Timeline and Submission Details

As detailed in the timeline below, prospective contributors are requested to first submit an abstract of their proposed paper to the editors via email by the end of April. Accepted abstracts will be used to finalize a Special Issue Proposal for Medical Humanities by the end of May. The anticipated submission deadline for full papers is the end of July, though that timeline may shift depending on the journal’s response.

  • April 30, 2023: Abstract Submission Deadline. Please submit, as a single attachment (word doc or PDF), an abstract of up to 300 words along with a 100-150-word bio to the editors at making.modern.maternity@gmail.com.
  • May 15, 2023: Notification of decisions on Abstracts from special issue editors.
  • May 31, 2023: Special Issue Proposal Submitted to Medical Humanities.
  • *July 31, 2023: Anticipated Full Paper Submission Deadline.
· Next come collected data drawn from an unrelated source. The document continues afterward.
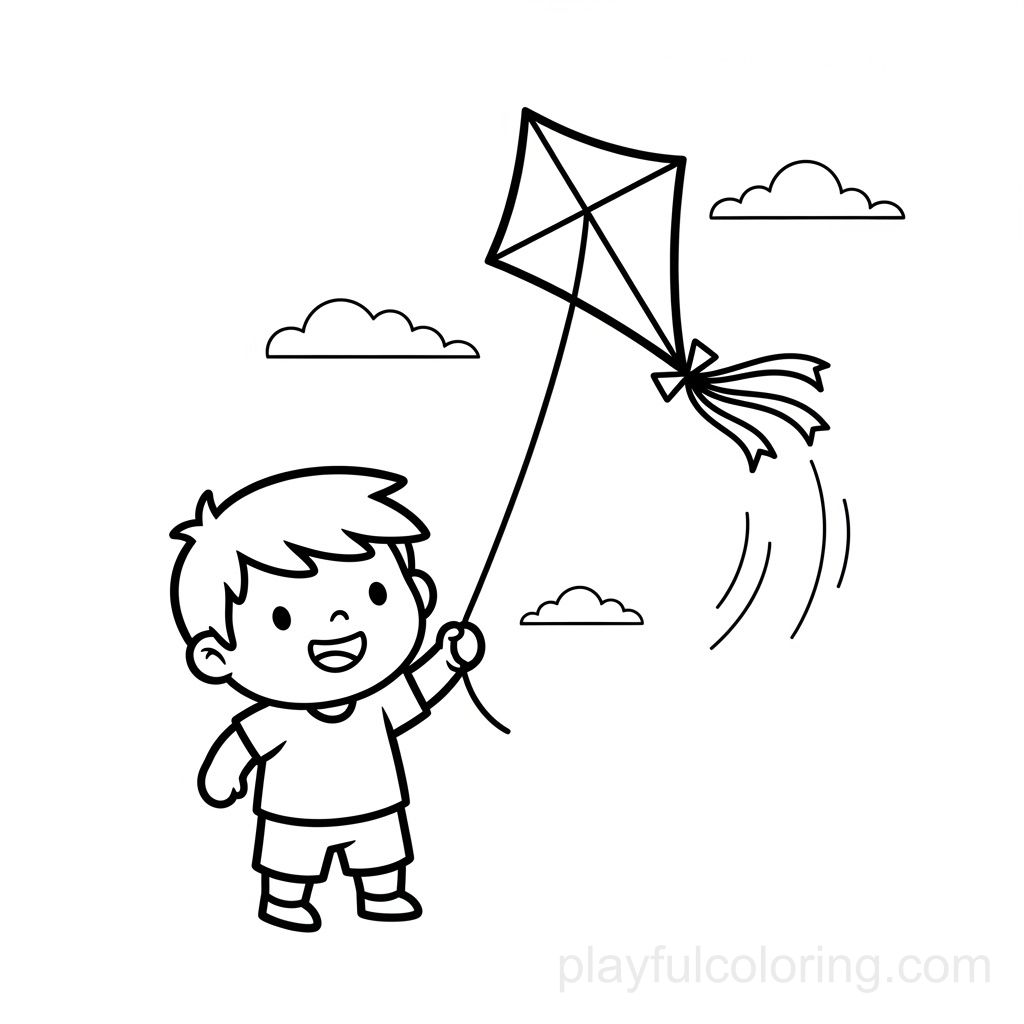 طفل يطير طائرة ورقية بشرائط ذيل بسيطة وخطوط نسيم خفيفة.
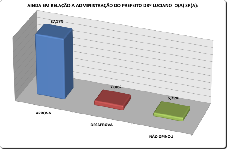 O levantamento também mediu a avaliação dos entrevistados sobre a gestão no local. 8,41% consideram o governo ótimo e 72,57% boa. Outros 10,18% acham o trabalho regular, 1,77% péssimo e 3,54% não opinaram.
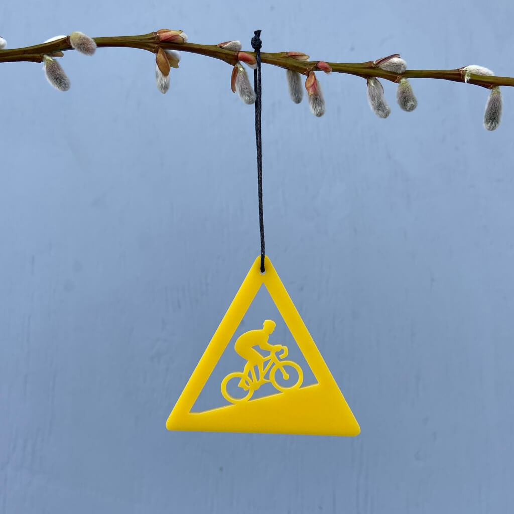 Ornamentet afspejler en cykelrytter op af en bakke, et minde fra cykelturen du var på med gutterne eller en cykeltur ned gennem Europa eller op af Kiddesvej i Vejle. Et enkelt og stilrent ornament, der er ideel i den moderne indretning.

Authors of accepted abstracts will submit their original research articles to the Medical Humanities ScholarOne portal for peer-review. Notes and references should follow CMS guidelines. Exact deadline TBA, pending response from Medical Humanities.

Please reach out to the editors with any questions regarding the proposed special issue and/or potential submissions (making.modern.maternity@gmail.com).

 

Sincerely,

Whitney Wood (Canada Research Chair in the Historical Dimensions of Women’s Health, Vancouver Island University), Karen Weingarten (Associate Professor of English, Queens College, City University of New York), Heather Love (Assistant Professor of English, University of Waterloo), and Jerika Sanderson (PhD Candidate in English, University of Waterloo).